This is a letter to my children. I love them so. Hopefully they will understand I will never let them go. Please understand that this will be hard and I don’t know how it will end or how it will start. As the years have gone by so many things have changed. Remembering that I am responsible for every bringing them pain hurts me. The pain is all mine. I feel ashamed. It is about all the things I could have done a little better.
I can never get back those events that I missed. But I can only imagine that you did your best. I wish I would have just taken the time to break away and spend a little more quality time with you. To build and fort, play a card game, color, take more walks and much more. All those times at sporting and school events that I should have stood up and cheered like a crazy fan you, my child. And that is just the beginning of the things that I wish I could have done better.

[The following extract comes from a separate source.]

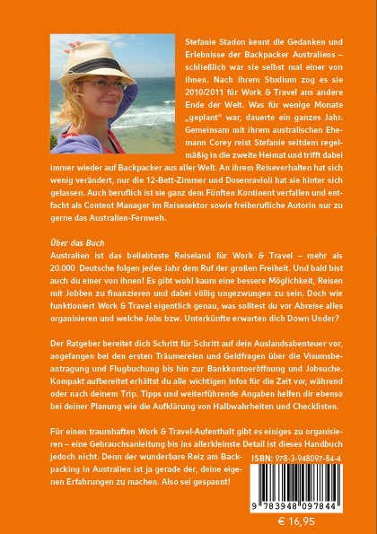 Australien ist das beliebteste Reiseland für Work & Travel - mehr als 20.000 Deutsche folgen jedes Jahr dem Ruf der großen Freiheit. Und bald bist auch du einer von ihnen! Es gibt wohl kaum eine bessere Möglichkeit, Reisen mit Jobben zu finanzieren und dabei völlig ungezwungen zu sein. Doch wie funktioniert Work & Travel eigentlich genau, was solltest du vor der Abreise alles organisieren und welche Jobs bzw. Unterkünfte erwarten dich Down Under? Der Ratgeber bereitet dich Schritt für Schritt auf dein Auslandsabenteuer vor, angefangen bei den ersten Träumereien und Geldfragen über die Visumsbeantragung und Flugbuchung bis hin zur Bankkontoeröffnung und Jobsuche. Kompakt aufbereitet erhältst du alle wichtigen Infos vor, während und nach deiner Zeit in Australien. Tipps und weiterführende Angaben helfen dir ebenso bei deiner Planung wie die Aufklärung von Halbwahrheiten und Checklisten. Für einen traumhaften Work & Travel-Aufenthalt gibt es einiges zu organisieren - eine Gebrauchsanleitung bis ins allerkleinste Detail ist dieses Handbuch jedoch nicht. Denn der wunderbare Reiz am Backpacking in Australien ist ja gerade der, deine eigenen Erfahrungen zu machen. Also sei gespannt!

The time we have together has not been a loss. I can still make you giggle with just one simple touch. I will always remember the fun that we have just cutting up and laughing. The amusement we get out of wrestling in the living room. Those “Hey Dad” moments will never leave me… those are the best
Please understand that I love you with all my heart and soul. Even though I may not seem like it some of the times. Those are the necessary tough love times. I assure you that you will always be number one to me. I will be always be here when you need me. With God’s help, and a bit of time, I hope to be a little short of the perfect dad for you… as well as a grandfather to your kids.

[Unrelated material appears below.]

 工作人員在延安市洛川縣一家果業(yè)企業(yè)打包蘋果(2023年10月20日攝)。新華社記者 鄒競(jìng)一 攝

Dear Pepper – You will always be the pacesetter and the one to look up to. The love you carry is spectacular and resilient.
Dear Jake – You may not like to hear me to say it, but I think you and I relate the most. All the way from your servant’s heart to your short little fingers.
Dear JJ – You just have that “WOW” factor about you. The self determination and motivation you have will take you leaps and bounds… if you just let it.
Dear Princess – You will always be the one I am scared of hurting. Your sensitivity seems to escape me more times than it should. For that I apologize.
Dear Monkey – You, child, have and always will keep me on my toes. But no way will I ever turn down one of your “Hug Hugs.” They make me feel complete.
If I have not said it yet… or even if I have… please know that I Love You and always will.